This release has been a long time in the making. I had the initial idea of utilizing vectorized instructions to speed up the core line ending search logic during the initial development of tac in 2017, but was put off by the complete lack of stabilized SIMD support in rust at the time. In 2019, after attempting to process a few log files – each of which were over 100 GiB – I decided to revisit the subject and implemented a proof-of-concept shortly thereafter… and that’s when things stalled for a number of reasons.

In perfect honesty, the biggest reason a SIMD release was put on hold was that I had what I needed: my local copy of tac that used AVX2 acceleration worked just fine to help speed up my processing of reversed server logs, and having completed the challenging part of the puzzle (trying to vectorize every possible operation in the core logic), I was not particularly interested in the remaining 20% that needed to be done – and the state of rust’s support for intrinsics was considerably lacking at the time.

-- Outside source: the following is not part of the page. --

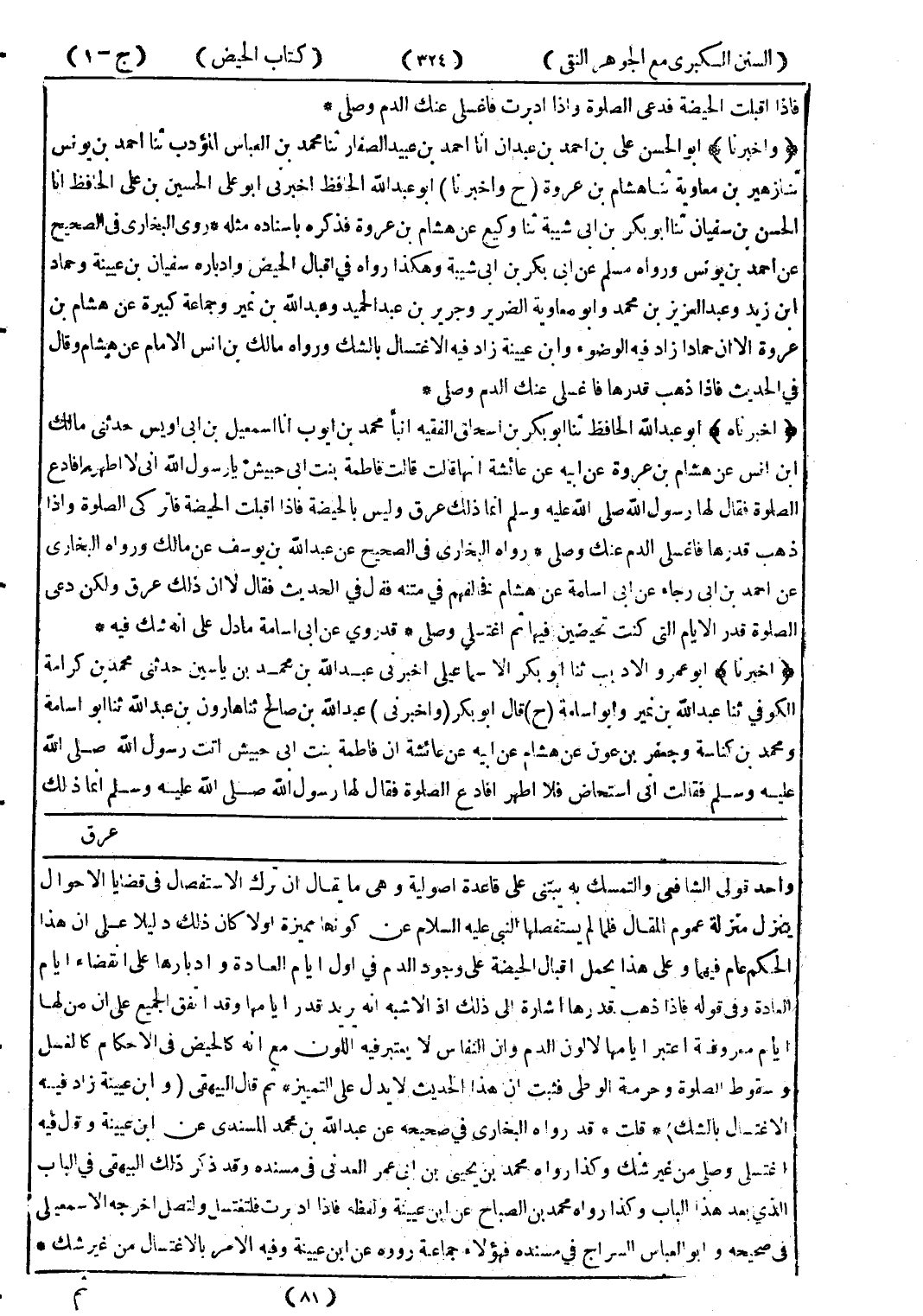 واحد قولى الشافعي والتمسك به يبتنى على قاعدة اصولية وهى ما يقال ان ترك الاستفصال في قضايا الاحوال يتنزل منزلة عمرم المقال فلما لم يستفصلها النبي عليه السلام عن كونها مميزة اولا كان ذلك دليلا على ان هذا الحكم عام فيهما وعلى هذا يحمل اقبال الحيضة على وجود الدم في اول ايام العادة وادبارها على انقضاء ايام العادة وفى قوله فإذا ذهب قدرها اشارة إلى ذلك إذا الاشبه انه يريد قدر ايامها وقد اتفق الجميع على ابن من لها ايام معروفة اعتبر ايامها لا لون الدم وان النفاس لا يعتبر فيه اللون مع ان كالحيض في الاحكام كالغسل وسقوط الصلوة وحرمة الوطى فثبت ان هذا الحديث لا يدل على التمييز * ثم قال البيهقى (وابن عيينة زاد فيه الاغتسال بالشك) * قلت * قد رواه البخاري في صحيحه عن عبد الله بن محمد بن المسندى عن ابن عيينة وقال فيه اغتسلي وصلى من غير شك وكذا رواه محمد بن يحيى بن ابى عمر والعدنى في مسنده وقد ذكر ذلك البيهقى في الباب الذي بعد هذا الباب وكذا رواه محمد بن الصباح عن ابن عيينة ولفظه فإذا ادبرت فلتغتسل ولتصل اخرجه الاسمعيلى

Apart from requiring compiler intrinsics that were gated behind the rust nightly toolchain, I wasn’t particularly sure how to tackle “graceful degradation” when executing on AVX2-incapable hardware. As mentioned earlier, the vectorization of tac was entirely done by hand – as in, by explicitly using the AVX2 assembly instructions to carry out vectorized operations, rather by writing vectorization-friendly high-level rust code and then praying that the compiler would correctly vectorize the logic. Three years ago, the state of rust’s support for dynamic CPU instruction support detection looked very much different than it does today, and I wasn’t looking forward to releasing a tac 2.0 that required a nightly build (aka “bleeding edge” or “unstable”) of the rust compiler. For better or for worse, the SIMD-accelerated tac builds lay dormant (in a branch of the original code, no less) on GitHub until a couple of months ago when a number of other rust rewrites of common greybeard utilities were making the rounds and I was inspired to revisit the codebase.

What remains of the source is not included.